> [What you are asked to do]: Print the lines below from the line with "L'un avec un" to the line with "形も色もちょっと古着っぽくて お気に入りのシャツワンピース! ブーツはさすがに暑かったですが" exactly, keeping both ends, and print no pictures.

> [Source material]:
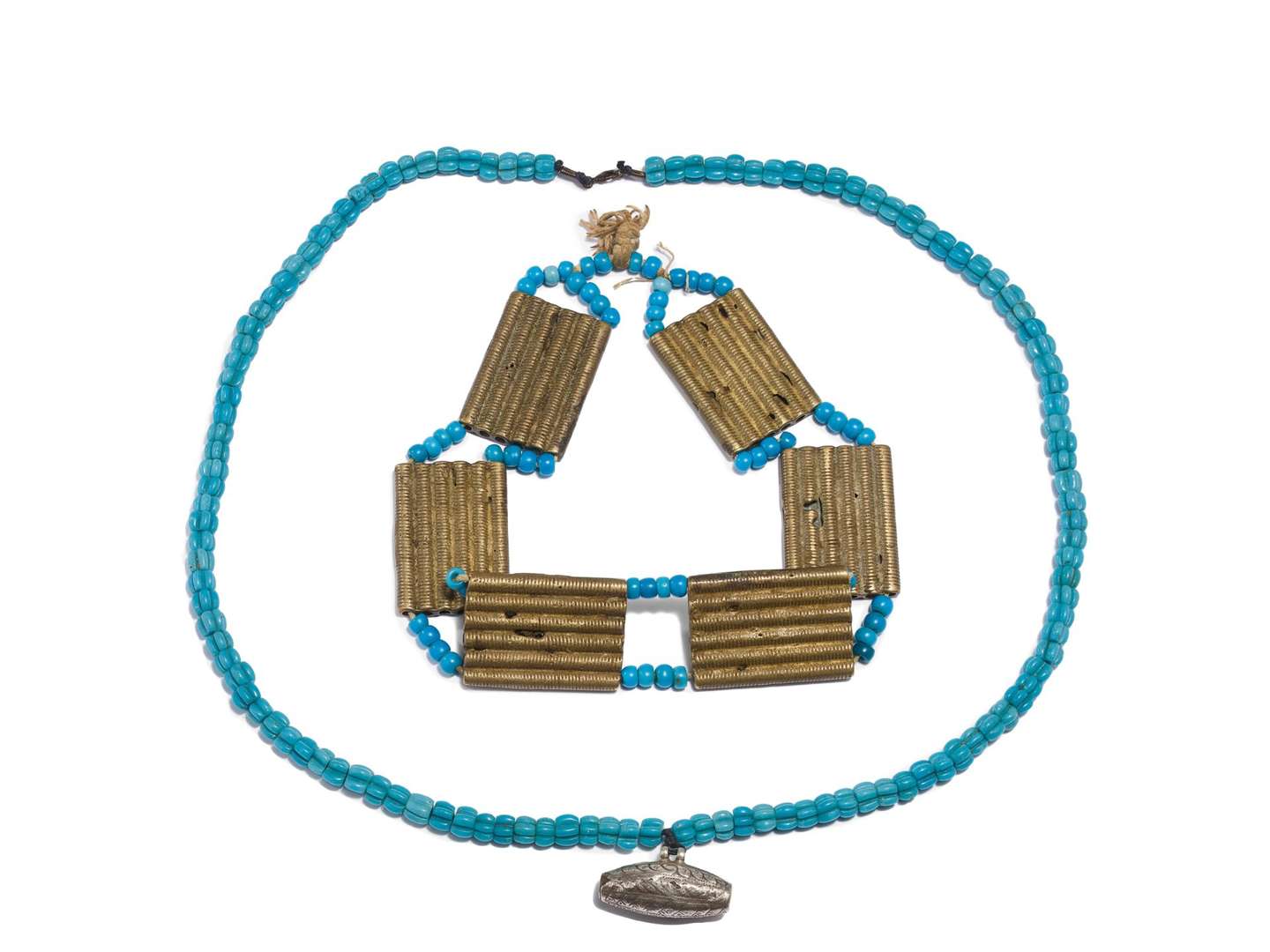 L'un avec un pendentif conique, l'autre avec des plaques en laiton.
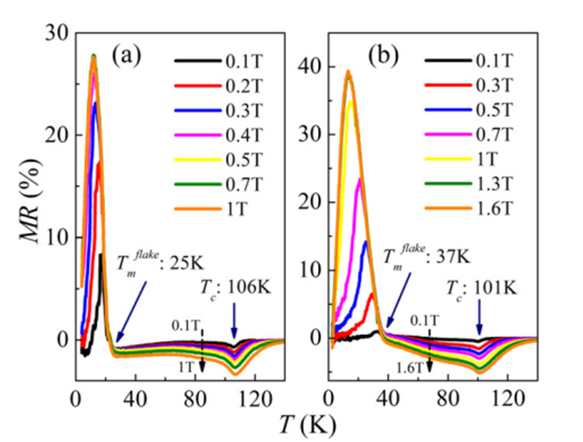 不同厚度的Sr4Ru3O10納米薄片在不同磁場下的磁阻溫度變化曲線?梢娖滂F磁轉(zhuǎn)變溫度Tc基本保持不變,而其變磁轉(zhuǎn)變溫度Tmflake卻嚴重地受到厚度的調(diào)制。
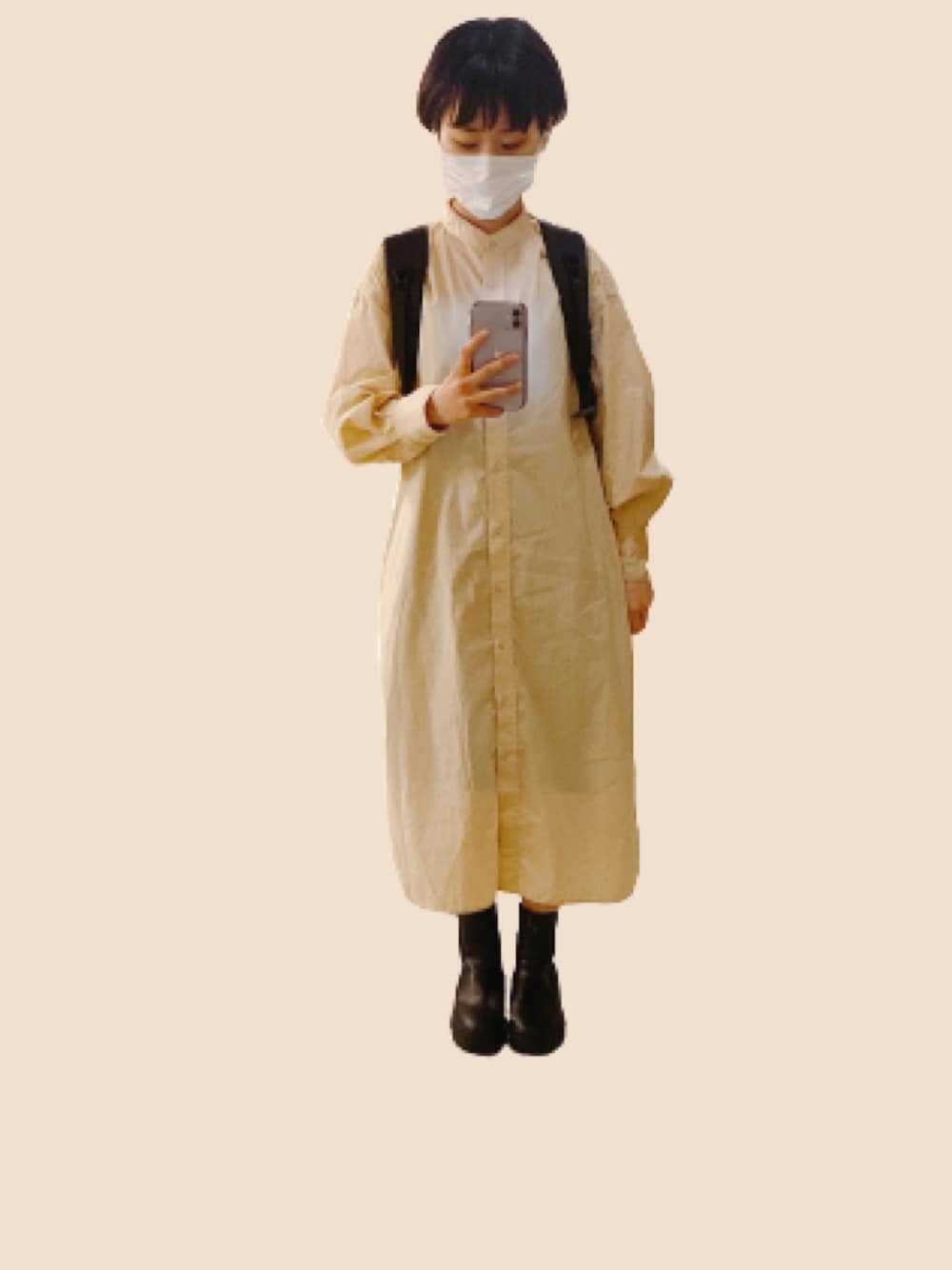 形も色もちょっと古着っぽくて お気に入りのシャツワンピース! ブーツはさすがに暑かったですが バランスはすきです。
--
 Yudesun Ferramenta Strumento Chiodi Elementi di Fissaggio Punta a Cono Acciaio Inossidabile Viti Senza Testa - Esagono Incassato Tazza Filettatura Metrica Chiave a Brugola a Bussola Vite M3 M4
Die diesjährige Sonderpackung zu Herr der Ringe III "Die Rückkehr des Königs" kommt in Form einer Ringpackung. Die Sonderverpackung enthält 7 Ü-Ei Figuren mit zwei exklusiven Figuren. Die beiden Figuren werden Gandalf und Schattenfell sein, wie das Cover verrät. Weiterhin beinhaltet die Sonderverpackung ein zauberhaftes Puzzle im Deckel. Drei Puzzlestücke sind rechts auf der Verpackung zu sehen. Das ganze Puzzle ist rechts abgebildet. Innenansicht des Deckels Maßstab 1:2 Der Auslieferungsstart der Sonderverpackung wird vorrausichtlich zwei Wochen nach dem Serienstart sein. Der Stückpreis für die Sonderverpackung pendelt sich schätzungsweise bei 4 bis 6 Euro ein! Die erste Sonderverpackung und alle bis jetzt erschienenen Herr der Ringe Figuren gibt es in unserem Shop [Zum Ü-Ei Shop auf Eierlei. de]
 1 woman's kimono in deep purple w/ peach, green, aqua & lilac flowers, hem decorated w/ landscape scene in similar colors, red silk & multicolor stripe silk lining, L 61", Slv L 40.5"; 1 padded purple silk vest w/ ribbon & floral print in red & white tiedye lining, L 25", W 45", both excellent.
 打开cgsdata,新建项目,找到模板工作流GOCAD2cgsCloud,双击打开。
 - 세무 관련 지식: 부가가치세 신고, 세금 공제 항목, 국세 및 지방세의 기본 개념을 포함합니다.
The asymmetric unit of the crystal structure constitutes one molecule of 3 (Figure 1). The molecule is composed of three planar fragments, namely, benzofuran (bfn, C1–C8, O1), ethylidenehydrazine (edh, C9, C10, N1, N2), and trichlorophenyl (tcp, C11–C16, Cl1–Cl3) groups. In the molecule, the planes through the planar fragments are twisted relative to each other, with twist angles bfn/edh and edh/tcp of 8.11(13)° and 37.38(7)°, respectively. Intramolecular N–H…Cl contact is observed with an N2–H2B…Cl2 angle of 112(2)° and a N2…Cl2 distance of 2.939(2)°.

> [Result of this exercise]:
 L'un avec un pendentif conique, l'autre avec des plaques en laiton.
 不同厚度的Sr4Ru3O10納米薄片在不同磁場下的磁阻溫度變化曲線?梢娖滂F磁轉(zhuǎn)變溫度Tc基本保持不變,而其變磁轉(zhuǎn)變溫度Tmflake卻嚴重地受到厚度的調(diào)制。
 形も色もちょっと古着っぽくて お気に入りのシャツワンピース! ブーツはさすがに暑かったですが バランスはすきです。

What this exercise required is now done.